Since Amazon promised to follow up on my experience but never did, I figured this would be a perfect time to share it. This is a story of my Amazon recruitment experience. I wish I could say it was a pleasant one but sadly it neither had a happy ending nor a smooth journey. This is a retelling of the two tedious months that Amazon put me through only to tell me that I can't code, which I now find funny, but at the time it was rather insulting and humiliating considering that programming is a big part of my job and, at least in my opinion, I'm not all that bad at it.
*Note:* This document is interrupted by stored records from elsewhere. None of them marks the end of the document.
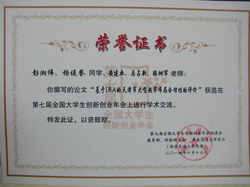 10 月18-19 日,由教育部、科技部主办的“第七届全国大学生创新创业年会”在西安交通大学举行。 由beat365官网理学院2010 级统计学专业杨侦誉同学主持,安建业与滕树军老师联合指导的“国创”项目“天津市大型超市分布的调查分析及优化设计 ” 研究成果《基于 DEA 的天津市大型超市布局合理性的评价》一文入选本届学术年会,这是beat365官网“国创” 项目首次入选年会交流。教务处处长于义良,指导老师滕树军、项目组负责人杨侦誉同学应邀出席年会。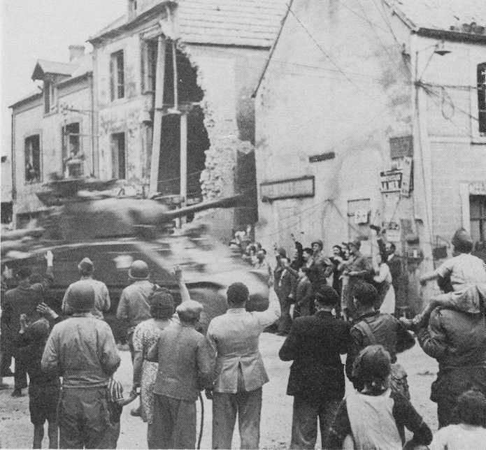 Un Sherman M4 traverse un carrefour dans Sainte-Mère-Eglise. Certaines habitations portent encore les marques des âpres combats qui s’y sont déroulés le 6juin 1944 .
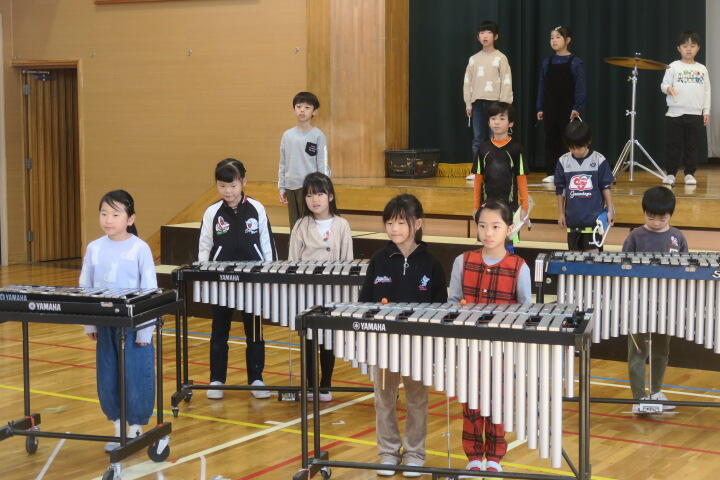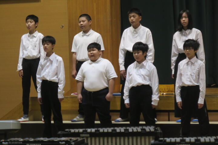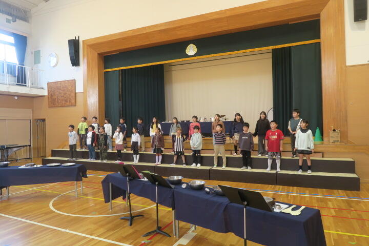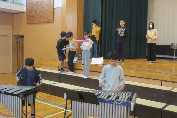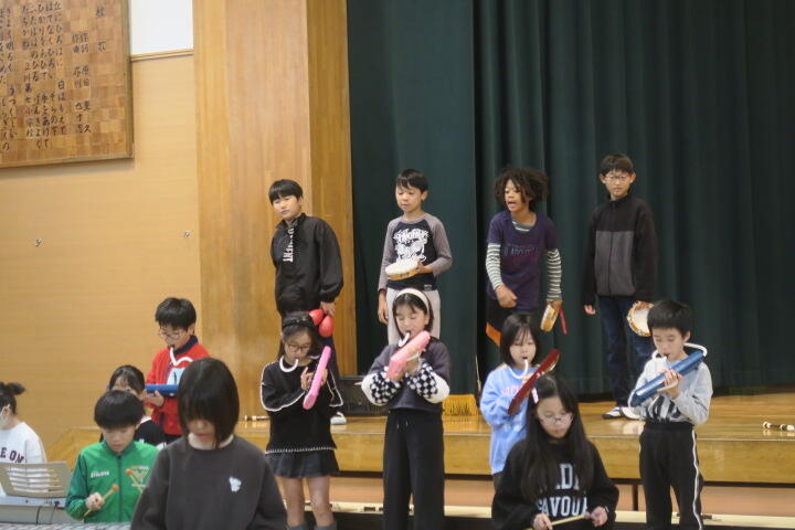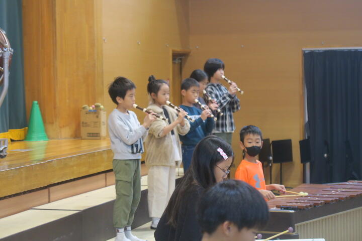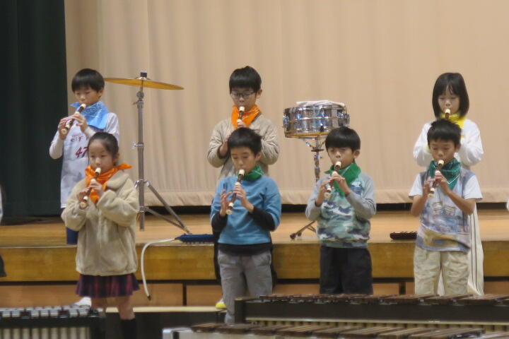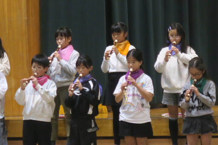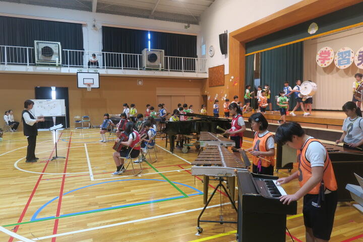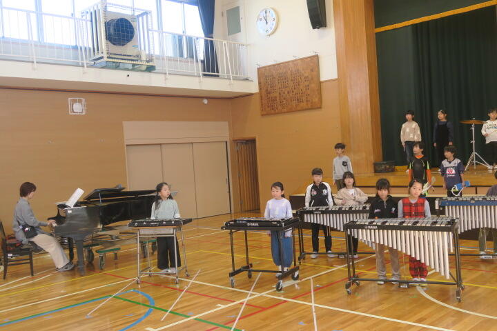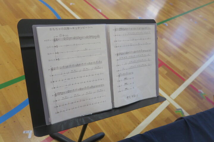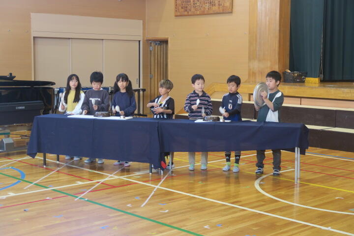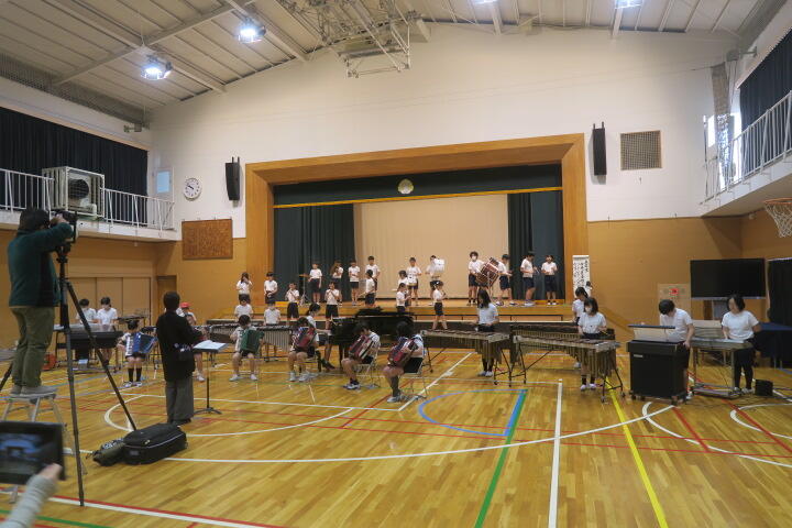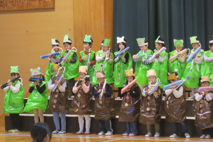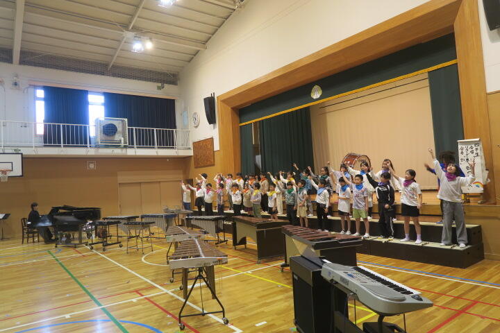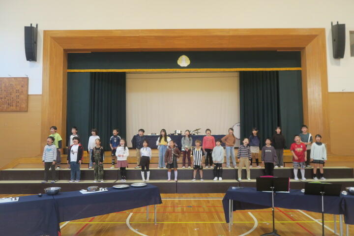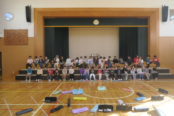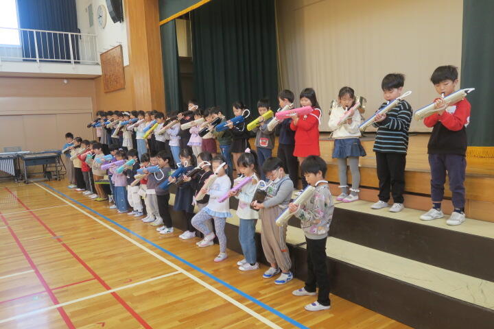 体育館で鍵盤ハーモニカの演奏をしているところでした。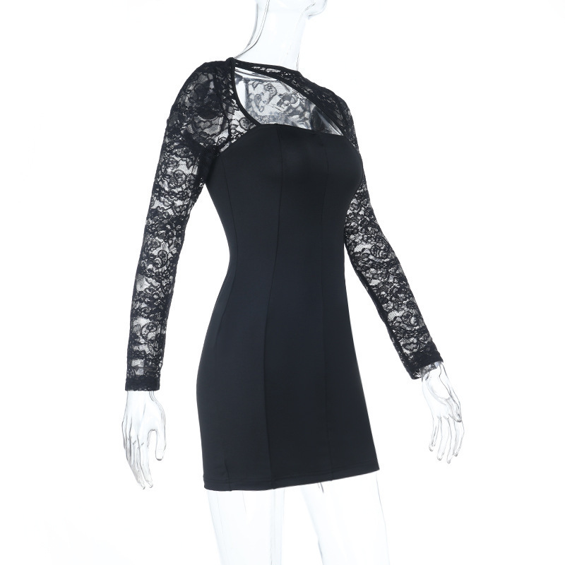 Lace Stitching Long Sleeve Slim Fit Sheath Dress Women Arrival Sexy Dress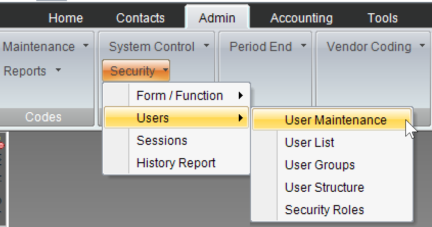 1. Go to the User Maintenance module: Admin tab > Security > Users > User Maintenance.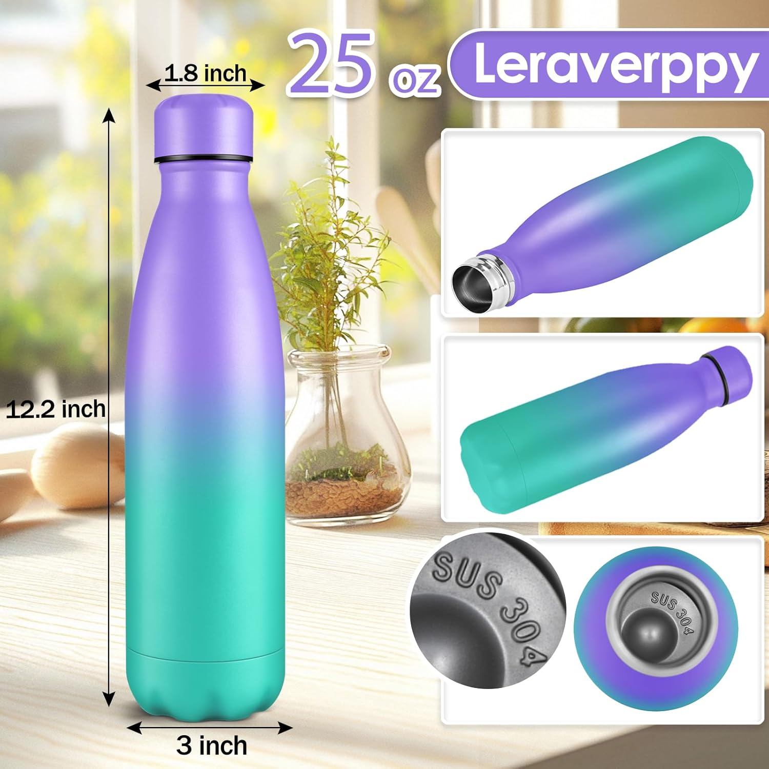 - 《Food-Grade 18/8 Stainless Steel Liner》Our water bottle is made of 18/8 food-grade known as 304 stainless steel.BPA Free,Non-toxic,No metallic taste,safe and healthy for all your water needs.Moms can trust our 304 stainless steel water bottles — designed to keep your little one’s drinks safe and healthy.Drink in the joy of every drop in your healthy life.

Update: Thanks for everyone reading this, I really didn't expect such a huge interest in my story. Based on some comments I read it seems to me that the light-hearted humour nature of this post was missed by some. This post fits into my weekend/fun post, so parts are a little dramatic, but that's the fun in writing this. Enjoy reading the rest of the article!

Background

I work in the integration/services space and have to write a large amount of custom code (Java, SQL, Bash, etc) to make products work together. It's not 'pure' engineering because it involves a good deal of customer interaction, requirements analysis, design work, expectation management, putting out fires and some people management. So typically whenever I'd receive a recruitment email from Amazon, it would go straight to trash because the jobs didn't really line up with what I wanted to do...until one day I had a crazy idea about going back into engineering. I had a colleague whom I worked with previously who worked at Amazon locally, so I went out for some drinks with the team to meet them, see what it was like and to decide whether I wanted to apply. It could have been a drunken decision but I went ahead with the application.

Initial response

I sent in my resume and received a response from the recruiter the next day. They wanted to start the interviewing/recruitment process immediately. Naturally I was excited to get started so missed some of the obvious red flags here. The recruiter was in a different country (in fact a different continent) to me. From their responses, they either didn't know how to convert for time zones or really didn't care (outside of US didn't seem to exist for this recruiter). After several attempts of incompatible meeting time suggestions, two weeks later we were finally able to schedule an introduction call. I was surprised how little regard the recruiter had for the 17 hour difference in time zones and the fact that I have a full time job.

I was still looking forward to the call though!